* **Records supplied**
* * *

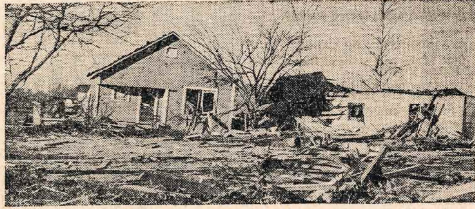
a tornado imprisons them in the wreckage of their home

* * *

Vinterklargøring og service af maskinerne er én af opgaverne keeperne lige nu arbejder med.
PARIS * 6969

* * *

* **Exercise directions**
Set down only the lines above that fall between the line holding "Vinterklargøring og service" and the line holding "PARIS * 6969", inclusive, keeping each exact.

* **Solution for this exercise**
Vinterklargøring og service af maskinerne er én af opgaverne keeperne lige nu arbejder med.
PARIS * 6969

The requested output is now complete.